§ **WORK TO COMPLETE**: Go to the line with "内容は、①お茶碗、②水指や建" in the entries below and write out every line from there through the line with "WALDESのファスナーとボールチェーン。開閉により革の経年変化がでやすい。", exactly and without pictures.

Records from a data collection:
--- START ---
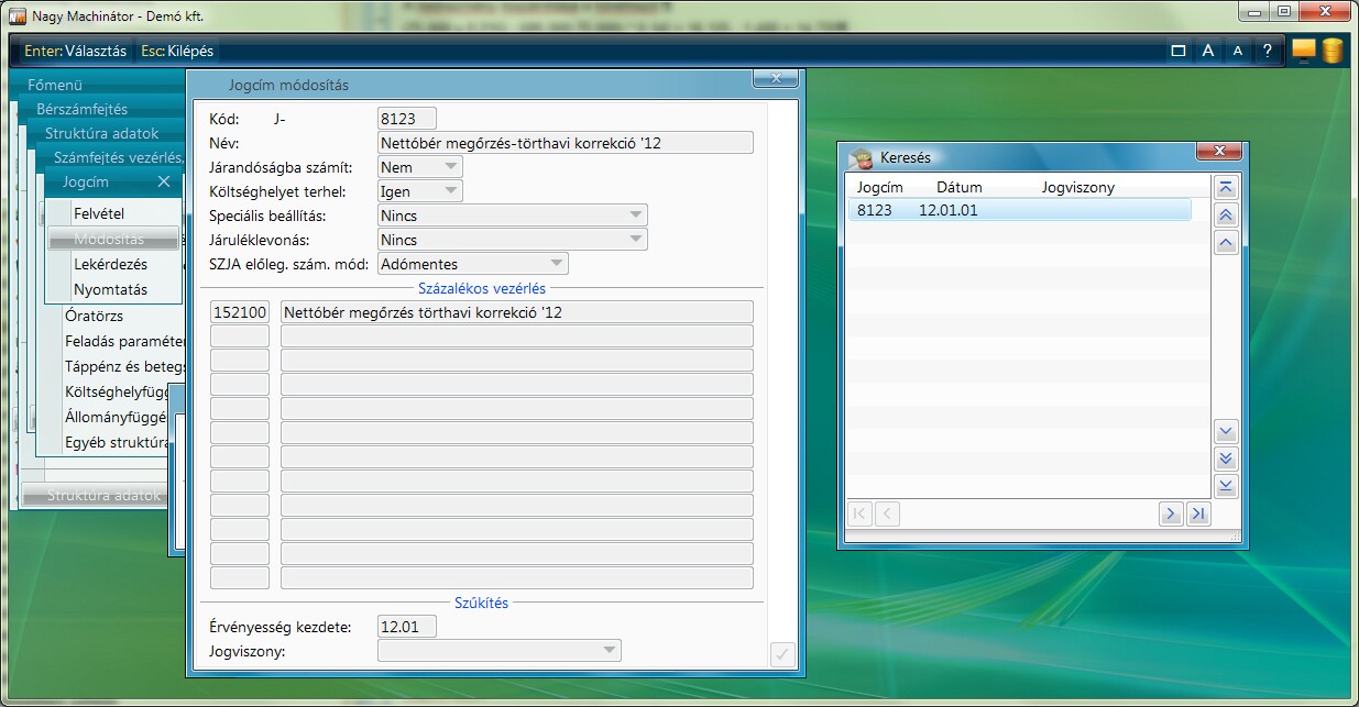A program csak azokat jogcímeket fogja figyelembe venni, amelyek után szociális hozzárjárulási adó fizetési kötelezettség fennáll (Azok a jogcímek szerepelnek a kedvezmény meghatározásában, amelyekben megvan adva a Szociális Hozzájárulási Adó százalékos vezérlés, a számfejtés paraméterek / kevezményes járulékfizetés menüpont Szociális hozzájárulási adó képlet alapján.)
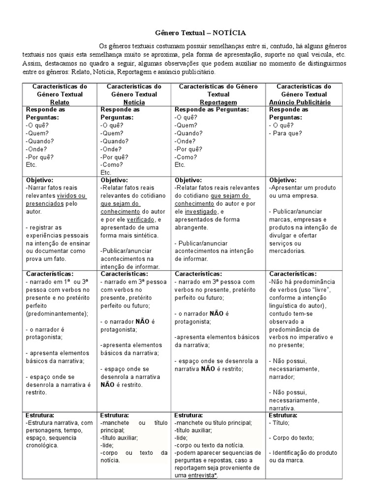 entre os gneros: Relato, Notcia, Reportagem e anncio publicitrio.
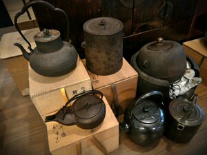 内容は、①お茶碗、②水指や建水、皆具類、③金物系のお茶道具、釜や水次、鉄瓶など、④細かいお道具では、茶入や棗、蓋置、香合、茶杓など、とお道具の種類ごとに分けて価格をつけさせていただきました。
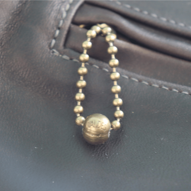 WALDESのファスナーとボールチェーン。開閉により革の経年変化がでやすい。
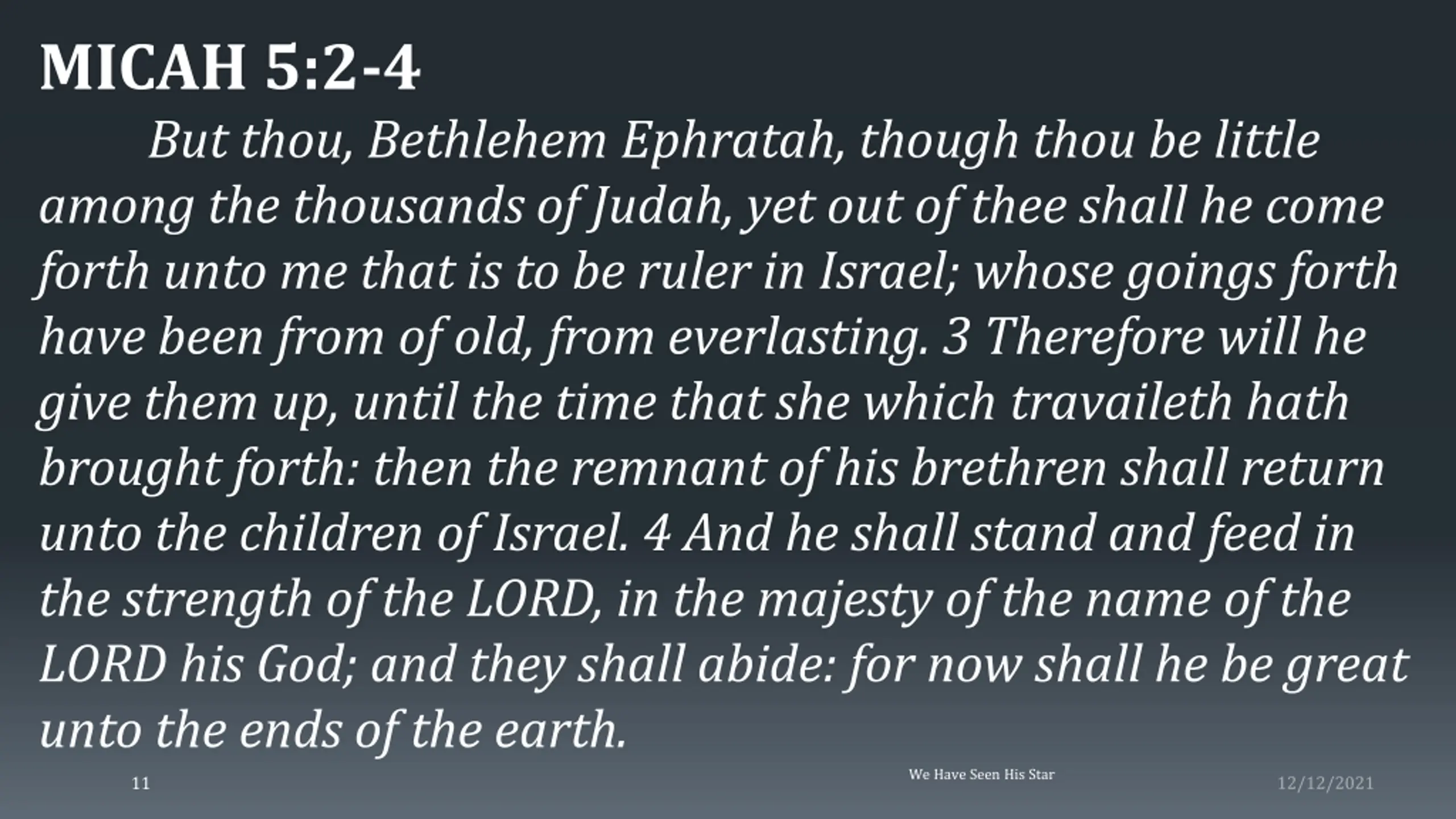 MICAH 5:2-4 But thou, Bethlehem Ephratah, though thou be little among the thousands of Judah, yet out of thee shall he come forth unto me that is to be ruler in Israel; whose goings forth have been from of old, from everlasting. 3 Therefore will he give them up, until the time that she which travaileth hath brought forth: then the remnant of his brethren shall return unto the children of Israel. 4 And he shall stand and feed in the strength of the LORD, in the majesty of the name of the LORD his God; and they shall abide: for now shall he be great unto the ends of the earth. We Have Seen His Star 11
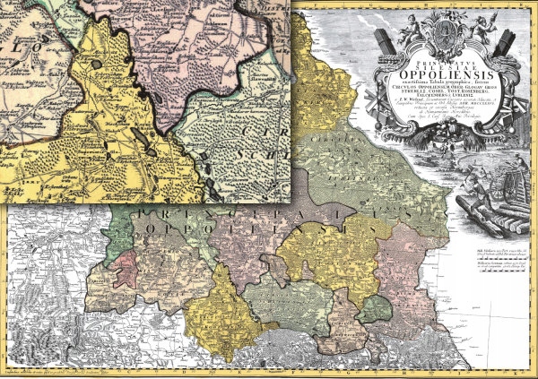 Таблица. 19 - (1752) 1736 Иоганн Вольфганг Виланд - Principatus Silesiae Oppoliensis strictissima tabula geographica, sistens circulos oppoliensem Ober Glogau, Gros Strehliz, Cosel, Tost, Rosenberg, Falcenberg, Lubleniz a J.W. Виланд, locumtenente caesareo, точно очерченный, et sumptibus Principum ar Ord. Силезия А.О.Р. MDCCXXXVI reducta et excusa Norimbergae ab Homannianis Haeredibus. [Прибл. 1:213 000]
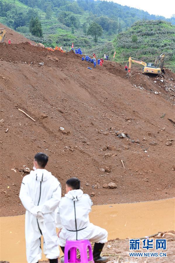 7月24日,救援队员在贵州水城“7·23”特大山体滑坡现场组织搜救。新华社记者 杨楹 摄
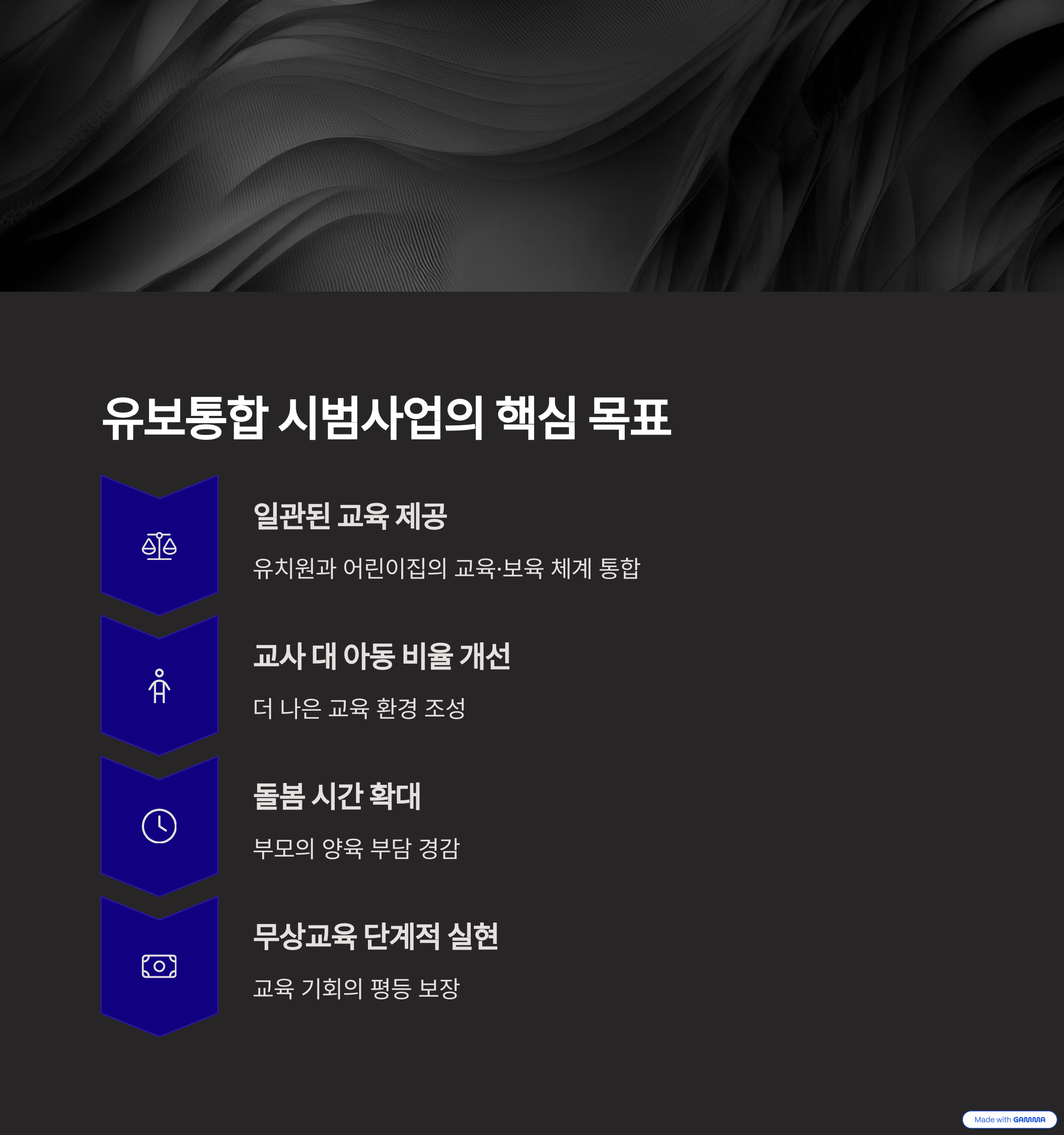 유보통합 시범사업은 유치원과 어린이집의 교육·보육 체계를 통합하여 영유아에게 일관된 교육을 제공하는 것을 목표로 합니다. 이를 위해 교사 대 아동 비율 개선, 돌봄 시간 확대, 무상교육 단계적 실현 등의 정책이 추진되고 있습니다 .(Goover, Gift 9598)
--- END ---
§ **OUTPUT**:
 内容は、①お茶碗、②水指や建水、皆具類、③金物系のお茶道具、釜や水次、鉄瓶など、④細かいお道具では、茶入や棗、蓋置、香合、茶杓など、とお道具の種類ごとに分けて価格をつけさせていただきました。
 WALDESのファスナーとボールチェーン。開閉により革の経年変化がでやすい。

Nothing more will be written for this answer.